# extended reach caulk gun? Any opinions?



## Grumpy (Oct 29, 2008)

Anyone have any experience with this?http://www.greschlers.com/long-reach-caulk-gun/ It'll add just shy of 4' to my reach. I need to caulk a 5th floor window from the 4th floor roof next door but the buildings are 3' apart. 



I can't think of any safe way of accomplishing this task and am thinking of trying this extension caulk gun. 



I'll harness up and pray, and this should work for what I need it, but curious if anyone has any opinions or suggestions for this type tool.


----------



## Grumpy (Oct 29, 2008)

Actually thinking of one of these because it will fit 10 oz tubes.


----------



## vtroofing (Sep 27, 2009)

Good luck controlling the bead from that far away... and pushing it in with your finger (I assume gutter corners) sounds like it will be out of the question.

Pretty sure those are for gluing sub-floors without leaning over open floor joists. 

Lifts don't get you where you need to be?


----------



## 1985gt (Dec 21, 2010)

That thing has got to be a pain to control the bead. Never the less tool in the caulking. 

Set up a ladder?


----------



## Grumpy (Oct 29, 2008)

1985gt said:


> T Never the less tool in the caulking.


 LOL, How?



1985gt said:


> Set up a ladder?


5 stories up and buildings are 3' apart? 

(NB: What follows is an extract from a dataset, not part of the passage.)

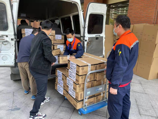 4月6日,妙可蓝多新一批爱心捐赠物资,送抵上海上海市老年医学中心和上海世博展览馆,及时给一线医护人员和社区工作者、志愿书送去营养补充,这已经是该企业向上海捐赠的第三批爱心物资。

I think I have a pic of the window. I can think of no way to caulk this thing. Complete break down of the system; salesman should have said no way, production manager should have said no way, installers should have said no way. All are no longer with the company and I am cleaning up the mess they caused 4 years ago.


----------



## Grumpy (Oct 29, 2008)

See attached image. This pic is taken from the 4th floor roof of the building next door.


----------



## LCG (May 30, 2011)

I can't stop laughing!:laughing: 

I want to see pictures of you or one of your guys actually caulking this thing.

Moral support is all we can offer here.:thumbup1:


----------



## LCG (May 30, 2011)

LOL.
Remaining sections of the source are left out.